Reputation: 77
I have a RewriteRule setup to change
http://kn3rdmeister.com/blog/post.php?y=2012&m=07&d=04&id=4
into
http://kn3rdmeister.com/blog/2012/07/04/4.php
but that actually redirects where the browser is getting the page from. I want to still display
/blog/post.php?y=xxxx&m=xx&d=xx&id=xx
but have the browser show the simpler URL like
/blog/post/year/month/day/id.php
I read something somewhere about using ProxyPass, but I don't quite know what I'm doing :P
I want people to be able to visit either the post.php URL with the query strings, OR the clean URL with fancy shmancy subdirectories for the dates and get the same content — all while displaying the clean URL in the end.
Upvotes: 4
Views: 1475
Reputation: 143856
You want something like this:
# First if someone actually requests a /blog/post.php URL, redirect them
RewriteCond %{THE_REQUEST} ^(GET|POST|HEAD)\ /blog/post\.php\?y=([0-9]{4})&m=([0-9]{2})&d=([0-9]{2})&id=([0-9]*)\ HTTP/
RewriteRule ^blog/post\.php$ /blog/%2/%3/%4/%5.php [R=301,L]
This will redirect the browser to the /blog/##/##/##/##.php
URI, that will show up in their address bar.

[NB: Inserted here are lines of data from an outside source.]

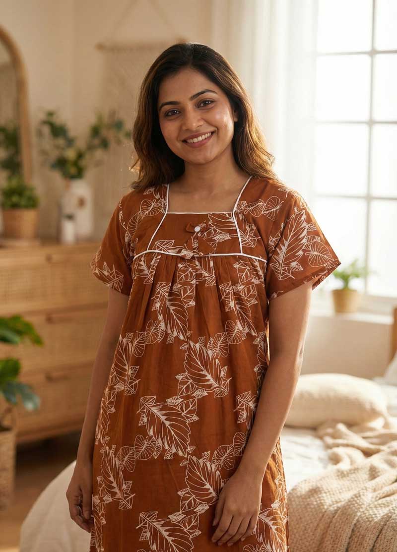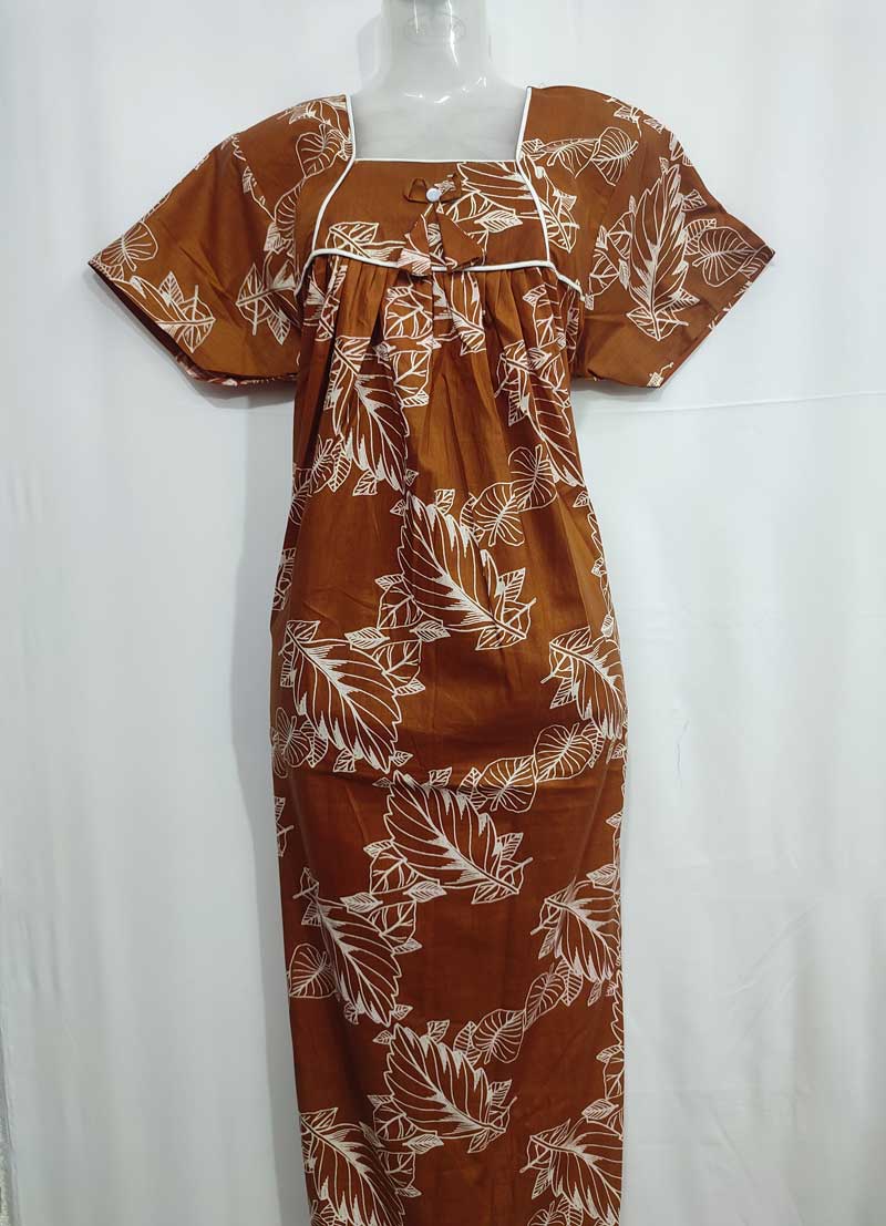 Traditional cotton nighty, 55 Inches Length – Brown
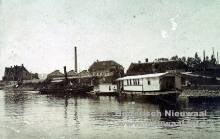 Links het huis van fam. den Hertog daarnaast het schipperhuis van Anton Baggerman met tegen de dijk aan zijn parlevinkerboot.
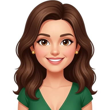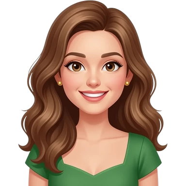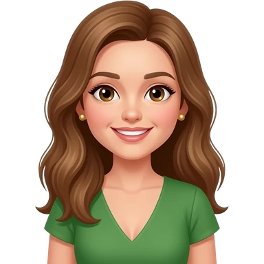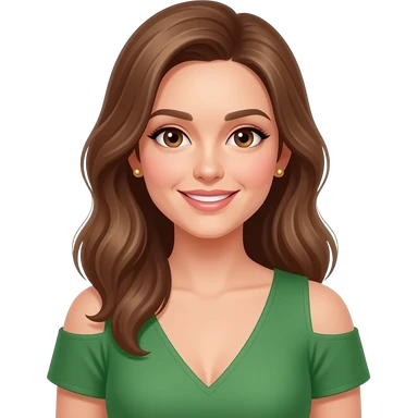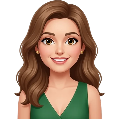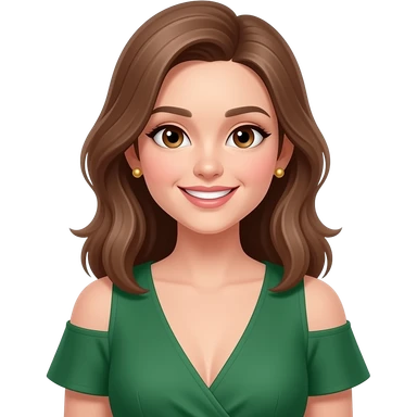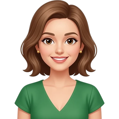 beauty, woman, gold stud earrings, brown eyes, green v dress with shoulders, smiling, light brown hair, hairstyle emoji
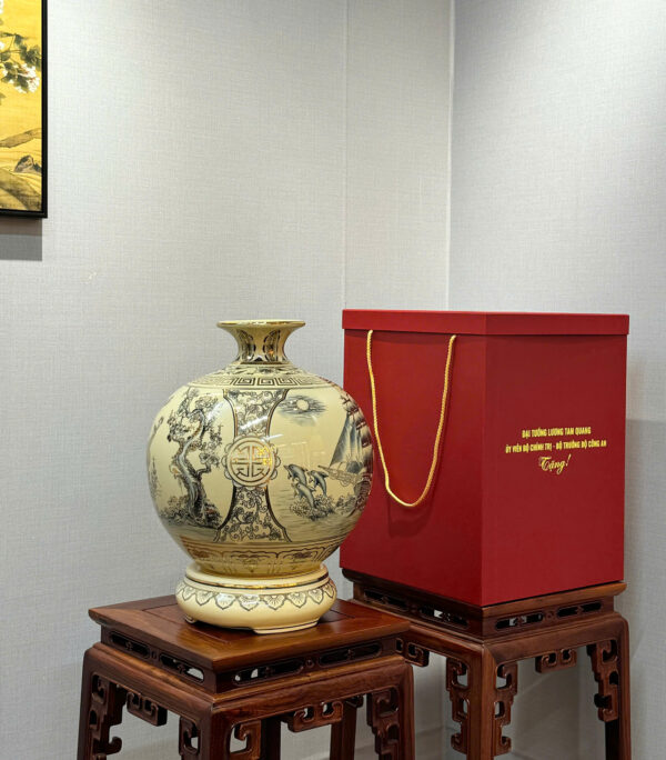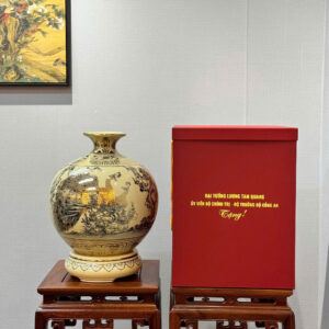 - Bình Hút Lộc Gốm Chu Đậu hoạ tiết THUẬN BUỒM – CÔNG ĐÀO nhẹ nhàng ý nghĩa vẽ vàng 24K từ làng nghề truyền thống Gốm Chu Đậu nổi tiếng của Việt Nam, là món quà tặng vô cùng ý nghĩa phù hợp trong nhiều trường hợp cụ thể như: Biếu Tặng Sếp – Lãnh Đạo, Tân Gia, Tặng Doanh Nghiệp, Hội Nghị.
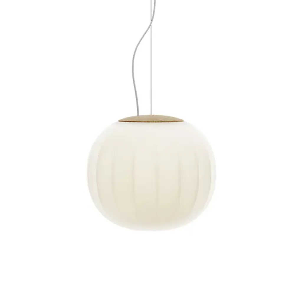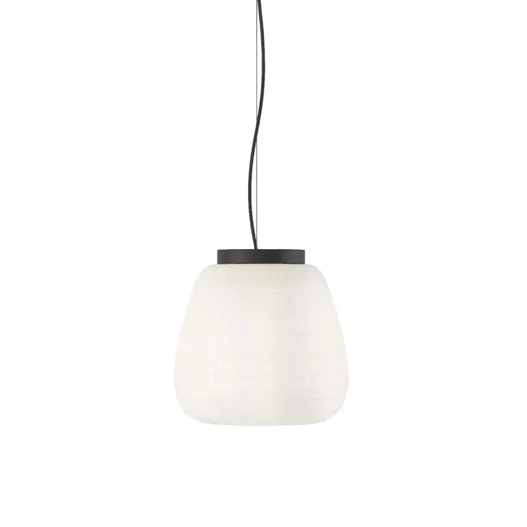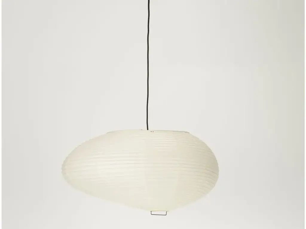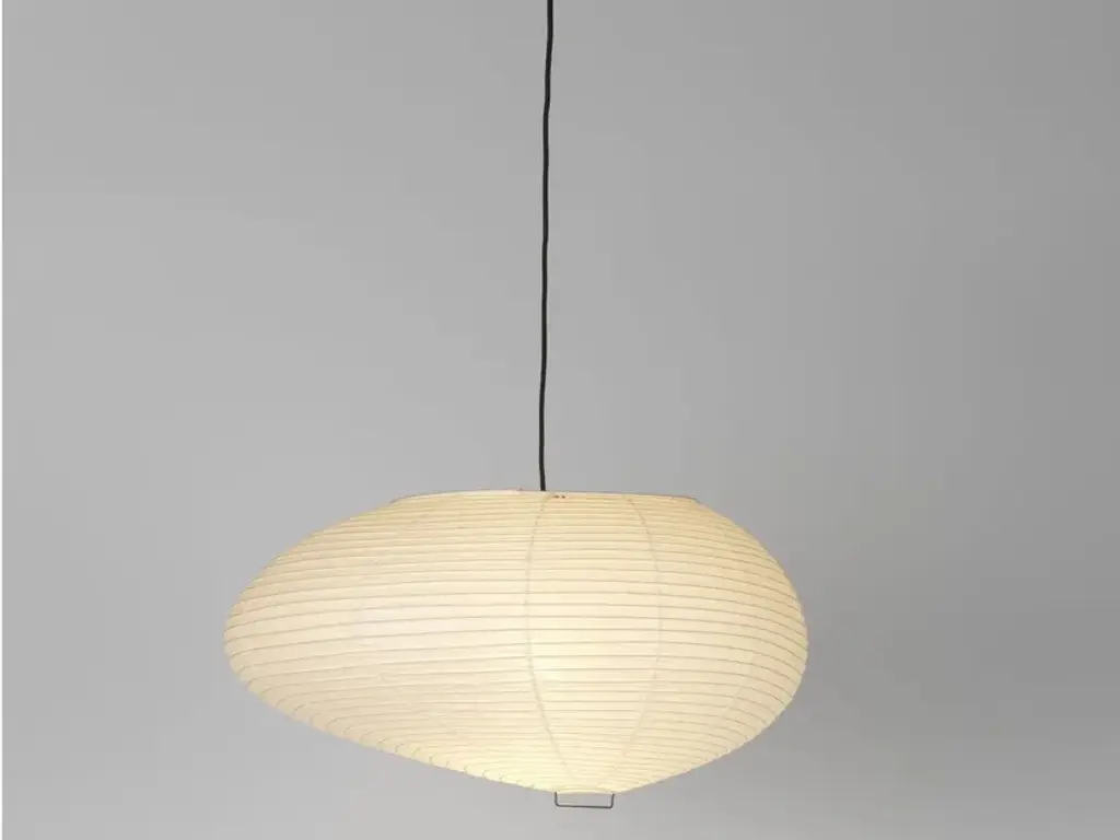 Akari is a suspension lamp with Japanese paper lampshade.The Akari Light Sculptures (1951) by Isamu Noguchi are a series of luminaires, handcrafted from traditional washi paper by Japanese artisans.The oeuvre of Japanese-American artist and designer Isamu Noguchi (1904–1988) is unusually multi-faceted. In addition to sculptures, he also created stage sets, furniture, lighting and interiors, as well as outdoor plazas and gardens. As a sculptor, his interest was not restricted to materials and form, but also extended to spatial effects and interior designs. Noguchi intended his art to serve both practical and social functions, and his sculptural style exerted a lasting influence on the idiom of organic design in the 1950s.In 1951 Isamu Noguchi began to design the Akari Light Sculptures, works characterised by weightless luminosity. He chose the name 'akari' for these objects, a word that means 'light' in Japanese, connoting both illumination and physical lightness. During a journey to Japan, Noguchi paid a visit to Gifu, a town known for its manufacture of paper parasols and lanterns. While there he sketched his first two Akari Light Sculptures, and over the following years he created a total of more than 100 models, consisting of table, floor and ceiling lamps ranging in size from 24 to 290 cm.Each luminaire is meticulously crafted by hand in the Ozeki workshop, a traditional family-run company based in Gifu. In a first step, bamboo rods are stretched across the original wooden forms designed by Noguchi to make the framework that determines the object's shape. Washi paper, derived from the bark of the mulberry tree, is cut in strips to fit the size and shape of the lamp and then glued to the bamboo ribbing. After the glue has dried, the wooden form is removed and the shade can be folded. The Akari Light Sculptures are packed for shipping or storage in flat boxes developed especially for the luminaires.'The harshness of electricity is thus transformed through the magic of paper back to the light of our origin – the sun – so that its warmth may continue to fill our rooms at night.'Isamu NoguchiThe Akari Light Sculptures are marked with a stylised sun-and-moon logo, which also resembles the corresponding Japanese characters. This symbol guarantees the authenticity of each product.

Once they get redirected, the browser will then send a request for /blog/##/##/##/##.php
and your server then needs to internally rewrite it back:
# We got pretty URLs, but need to rewrite back to the php request
RewriteRule ^blog/([0-9]{4})/([0-9]{2})/([0-9]{2})/([^\.]+)\.php$ /blog/post.php?y=$1&m=$2&d=$3&id=$4 [L]
This changes everything back internally so that the file /blog/post.php can handle the request.